Помню, несколько лет тому назад судьба заперла меня на целых полгода в Ницце. Русских в этом городе – масса (что в значительной степени обусловливается близостью Монте-Карло с его рулеткою), и в этом множестве набралось человек с десяток знакомых, для которых поездки в Монте-Карло представлялись не с руки. В том числе были: два земских деятеля, один предводитель дворянства, один не помнящий родства экономист, один задыхающийся прокурор, один малокровный штабс-ротмистр, один «старый дипломат» (с совершенно голою, точно детскою головой), два государственных младенца (последние шестеро с сохранением содержания) и я. Все мы без отдыха кашляли, пили микстуры, ели пилюли и претерпевали адскую скуку. Кругом – блеск и прозрачность; солнце так и горит; на темно-синем небе ни облачка; Средиземное море плещет; померанцы благоухают; пальмы, олеандры, лавровые деревья чаруют взоры… а мы сидим, кашляем и тоскуем. Нет у нас ни собственного дела, ни собственной жизни. Министерство Бюффе́-Брольи падает, уступая министерству Бюффе́-Дюфора, а нам все равно. Гамбетта произносит речь за речью, а у нас скулы болят от зевоты. Префект, мосье Декре́, бал дает – нас не приглашает, и мы не печалимся этим, хотя понимаем, что, в качестве «знатных иностранцев», имеем право предъявить к мосье Декре́ претензию. Ни нам ни до кого дела нет, ни до нас никому дела нет. Живем, как жили бы у себя в Замоскворечье, и не понимаем, что тут такого, в этой «загранице», привлекательного.

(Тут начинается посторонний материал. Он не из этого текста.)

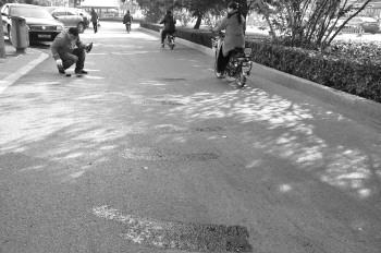 4日,洸河路与琵琶山路路口以西,非机动车道上的小广告密密麻麻,各种“贷款”、“办证”的小广告直接用黄色的油漆涂抹在地上,有一处不足50米的路面上,小广告竟达到了90多处。除非机动车道外,人行道砖、路沿石上也时常画上小广告,严重影响市容环境。
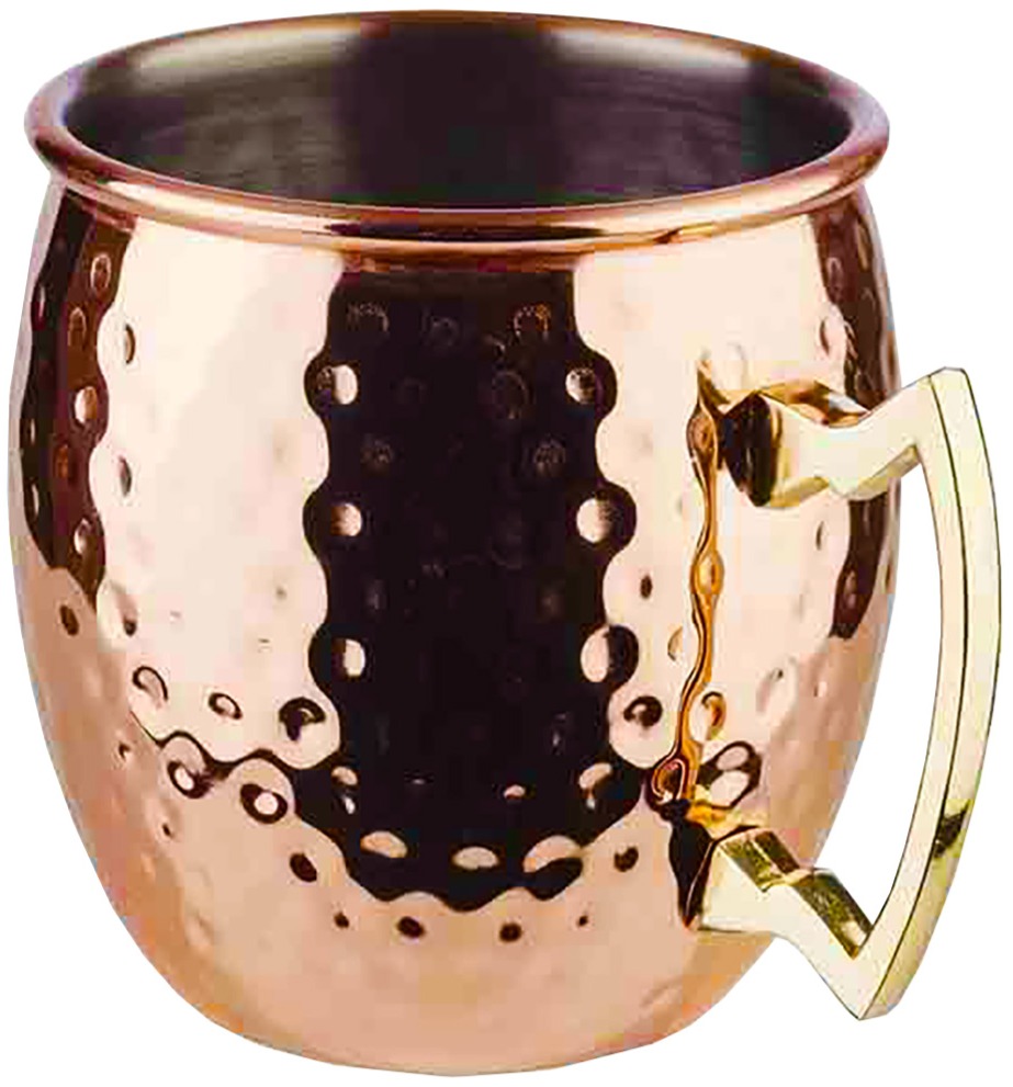 Perinteinen Moscow Mule -muki, joka on valmistettu tyylikkäästi taotusta ja kuparoidusta, ruostumattomasta teräksestä.
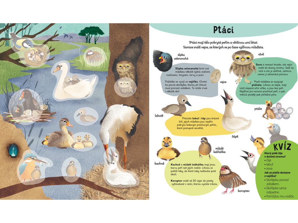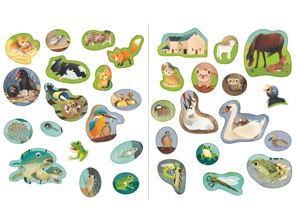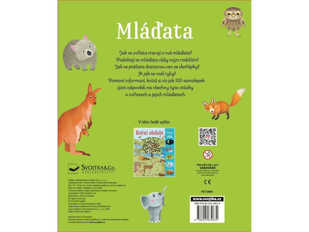 Kniha se samolepkami nabitá informacemi o mláďatech rozšíří obzory nejednomu malému nadšenému přírodovědci. Každá dvoustrana obsahuje celostránkovou ilustraci, kam se lepí samolepky, dále plno informací o savcích, ptácích, vačnatcích, hmyzu, zvířatech v polárních oblastech a mnoho dalších. Následuje kvíz pro zopakování si nových poznatků. Propracované obrázky, zajímavosti ze světa zvířat, kvízy a 100 samolepek k nalepení do obrázků, to vše nabízí tato knížka, která je dokladem toho, že i učení může být zábavné.Doplňkové parametry
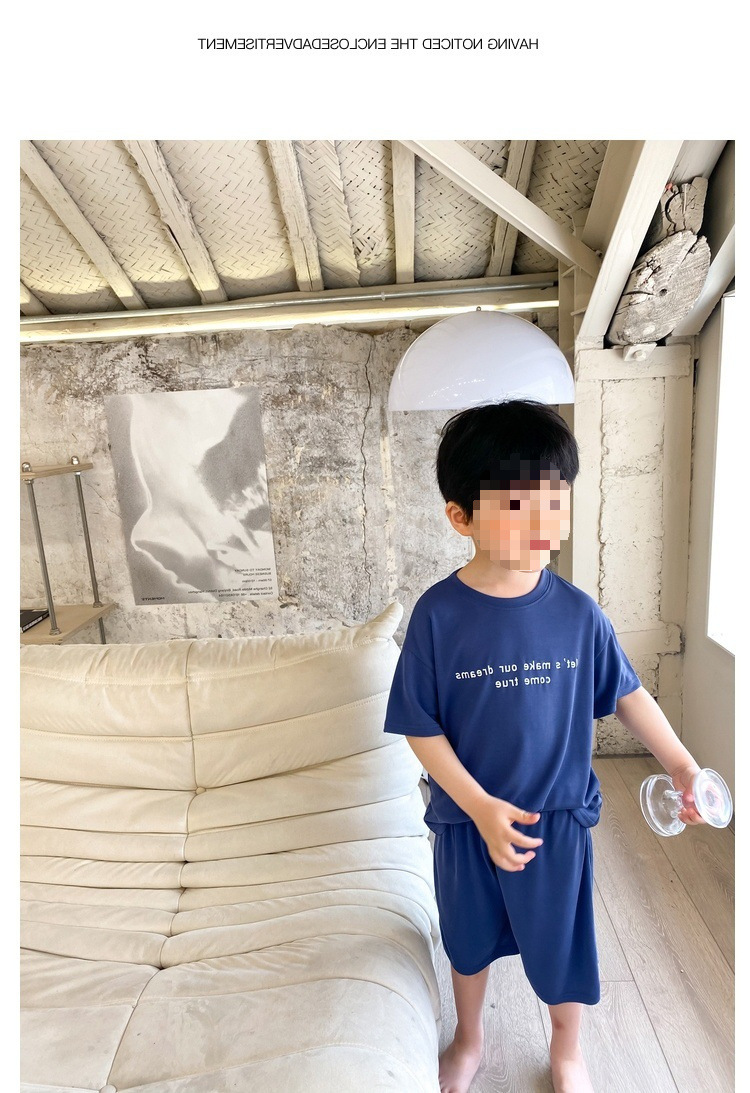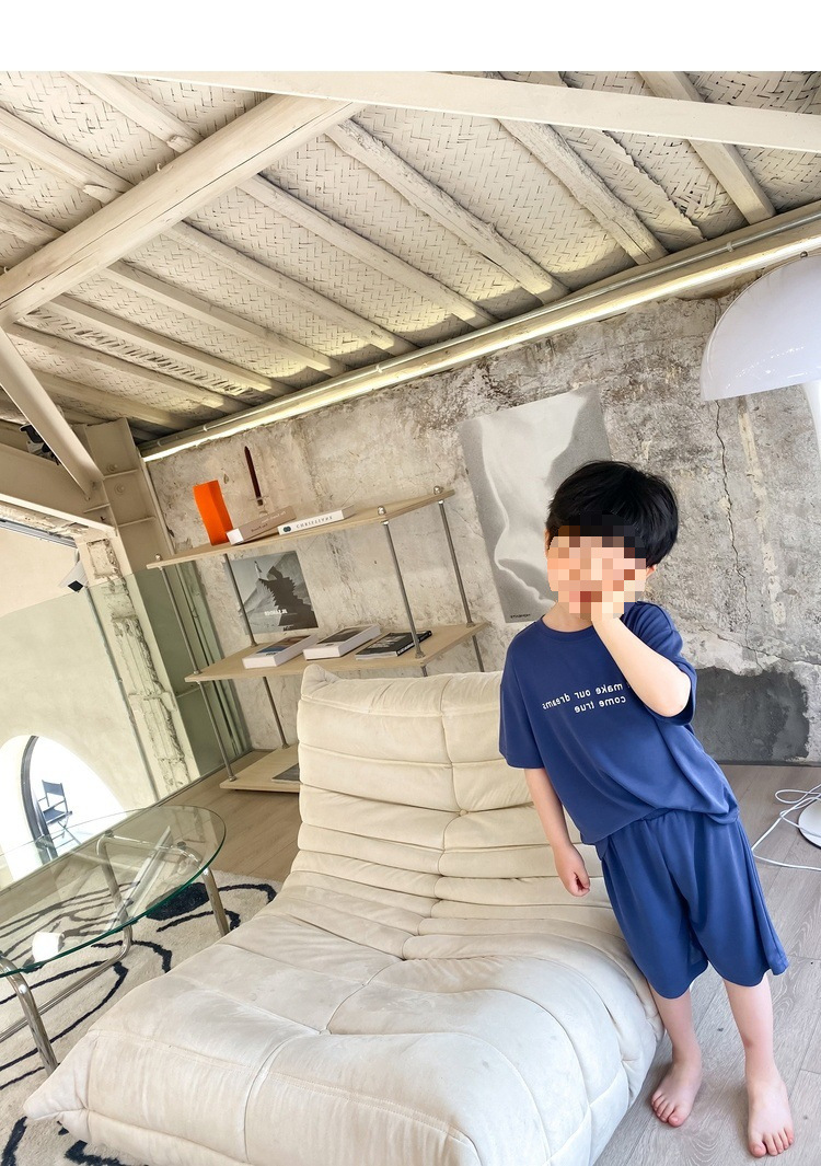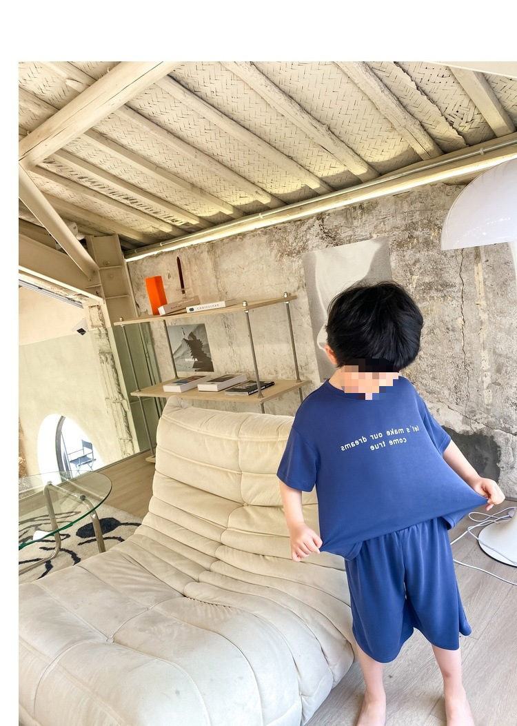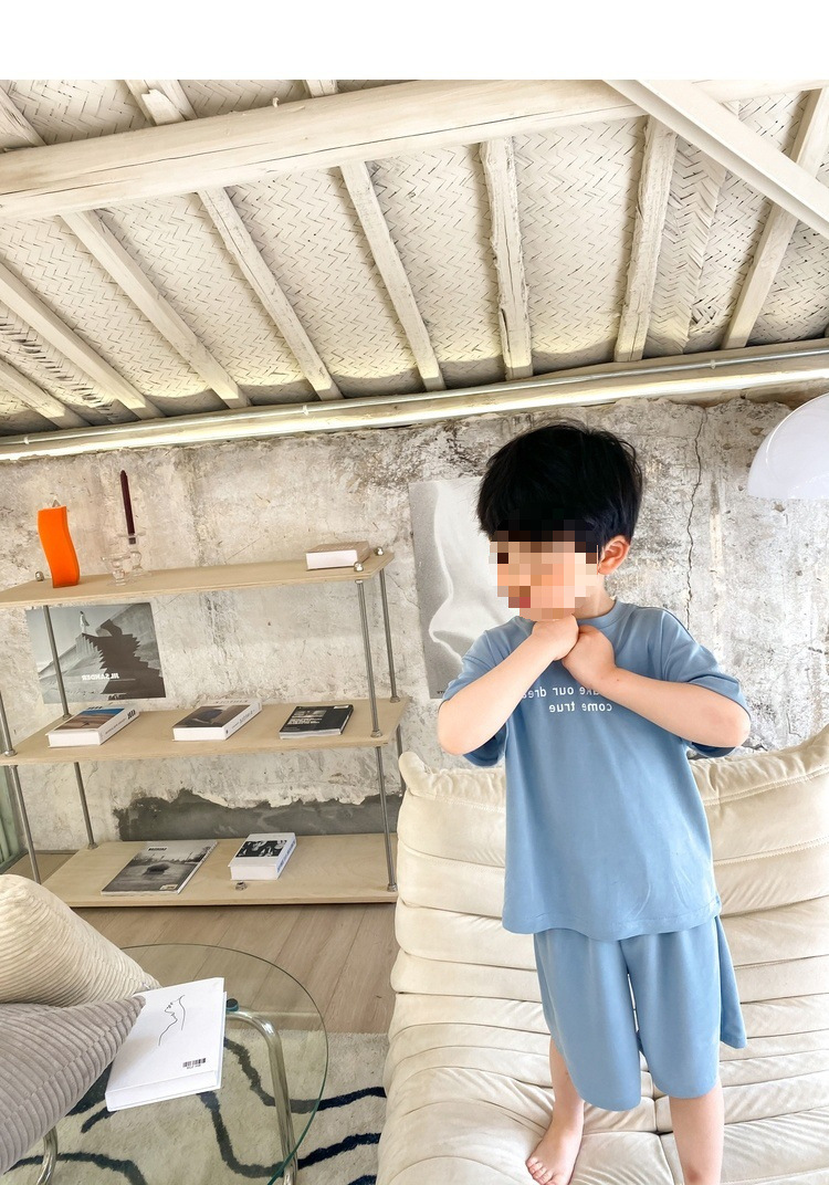 모달 아동 잠옷 2025 여름 신작 중대형 아동 남아 가정복 반팔 캐주얼 에어컨 슈트스토어 가기

Разве вот услышим, что г. фон Дервиз столько-то десятков тысяч пожертвовал в пользу бедных города Ниццы и был по этому случаю почтен от мосье Декре́ визитом – ну, на минутку как будто оживимся, молвим: вот истинно русский патриот, который высоко держит знамя России! И затем – опять ничего. Даже родная Русь – и та представляется воображению, словно окутанная туманом, и ничем не напоминает о себе, кроме замоскворецкой скуки. Думали мы, думали, ка́к тут поступить, и, наконец, один из государственных младенцев подал отличный совет.
– Придумал я, господа, прекраснейшее развлечение, – сказал он однажды, – именно: выберемте какой-нибудь вопрос, образуем из себя комиссию для разработки его и будем поступать так точно, как бы мы поступали, заседая в заправской комиссии. Во-первых, это напомнит нам об интересах родной земли, а во-вторых, поможет скоротать время вполне на родной манер!
Мысль эта была всеми встречена с увлечением. «Чудесно! – думалось всем, – и старая скука от нас не уйдет, и новой скуки отведаем, – все же, между двух скук, скорее время пройдет!» Оставалось, следовательно, найти «вопрос», который мог бы достойным образом занять наши досуги. Стали отыскивать. Экономист, разумеется, высказался, что всего приличнее было бы заняться обсуждением вопроса о лежащих втуне богатствах, но предложение это было встречено не только с недоверием, но даже почти с нетерпением.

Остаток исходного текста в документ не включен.